• Records for this exercise:
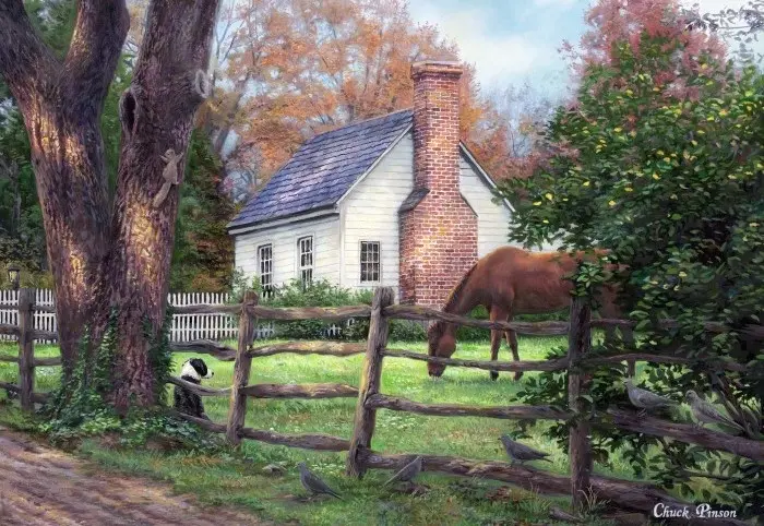 En häst står fridfullt och betar i lugn och ro i hagen intill huset. Bredvid det stora trädet vid hagens sida sitter en hund och tittar på. En långsam dag i en lantlig idyll där den sommaren sakta börjat övergå till höst.
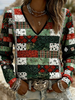 Women's Christmas Tree Patchwork Print V-Neck T-Shirt
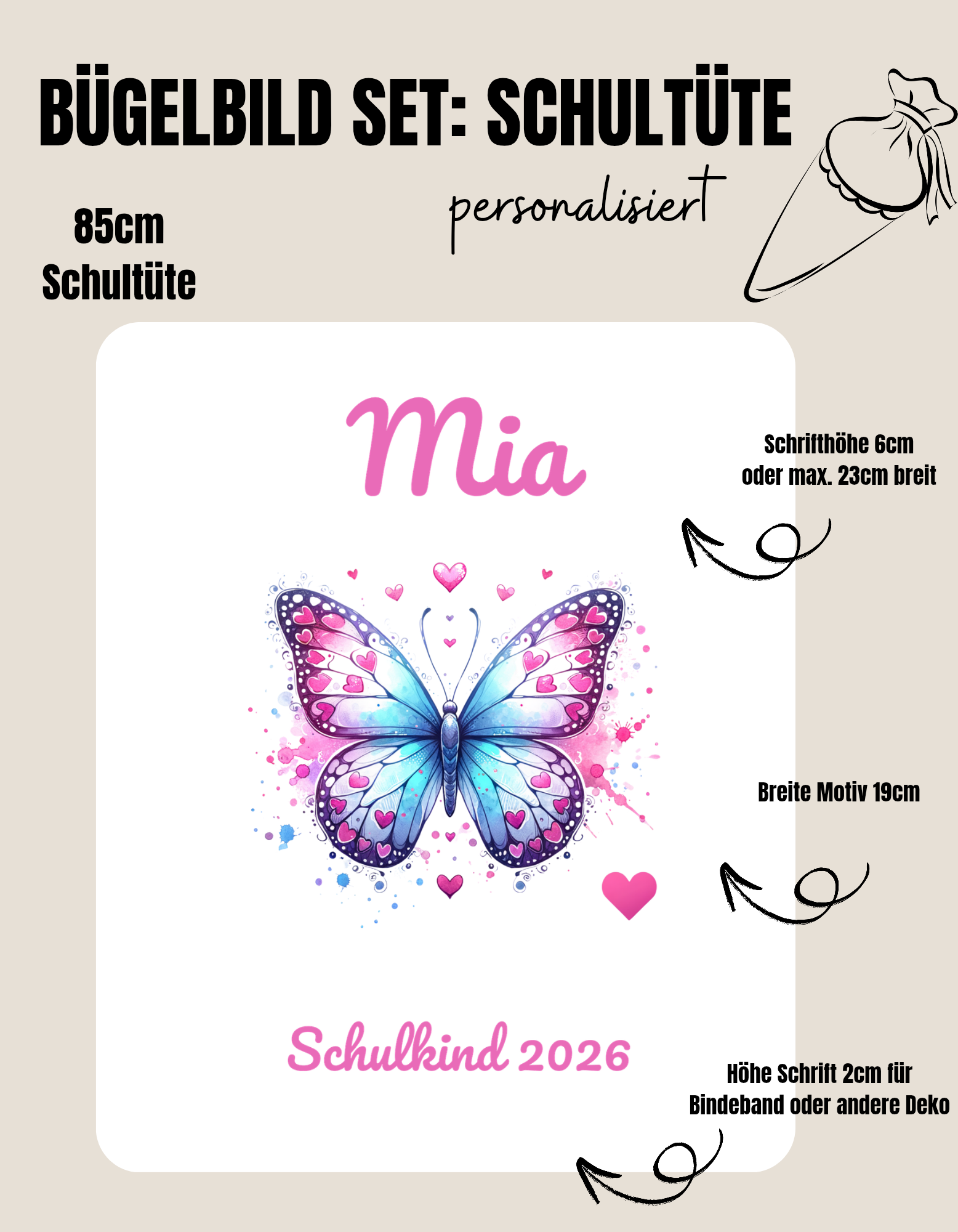 Das Set ist mit Wunschnamen personalisierbar und der Schulkindtext wird immer auf das aktuelle Jahr genadert. Die einzelnen Elemente sind in der Größe optimal auf Schultüten abgestimmt. Du kannst zwischen Varianten für 70 cm oder 85 cm hohe Schultüten wählen.
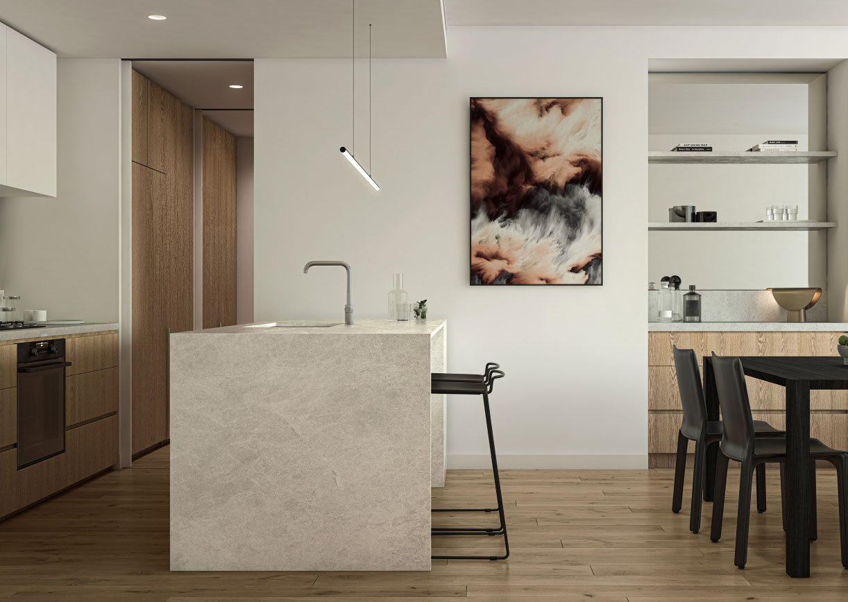 2 BED KITCHEN WITH BAR JOINERY, OPTIONAL UPGRADE – ARTIST IMPRESSION
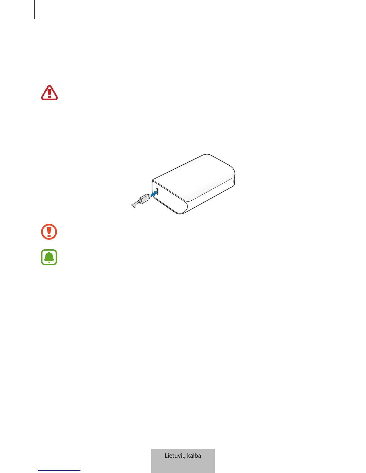 Naudokite tik „Samsung“ patvirtintus įkroviklius ir laidus. Naudojant nepatvirtintus

• About this task: When copying the entries, drop the images and keep every line exact.

• Response area:
 En häst står fridfullt och betar i lugn och ro i hagen intill huset. Bredvid det stora trädet vid hagens sida sitter en hund och tittar på. En långsam dag i en lantlig idyll där den sommaren sakta börjat övergå till höst.
 Women's Christmas Tree Patchwork Print V-Neck T-Shirt
 Das Set ist mit Wunschnamen personalisierbar und der Schulkindtext wird immer auf das aktuelle Jahr genadert. Die einzelnen Elemente sind in der Größe optimal auf Schultüten abgestimmt. Du kannst zwischen Varianten für 70 cm oder 85 cm hohe Schultüten wählen.
 2 BED KITCHEN WITH BAR JOINERY, OPTIONAL UPGRADE – ARTIST IMPRESSION
 Naudokite tik „Samsung“ patvirtintus įkroviklius ir laidus. Naudojant nepatvirtintus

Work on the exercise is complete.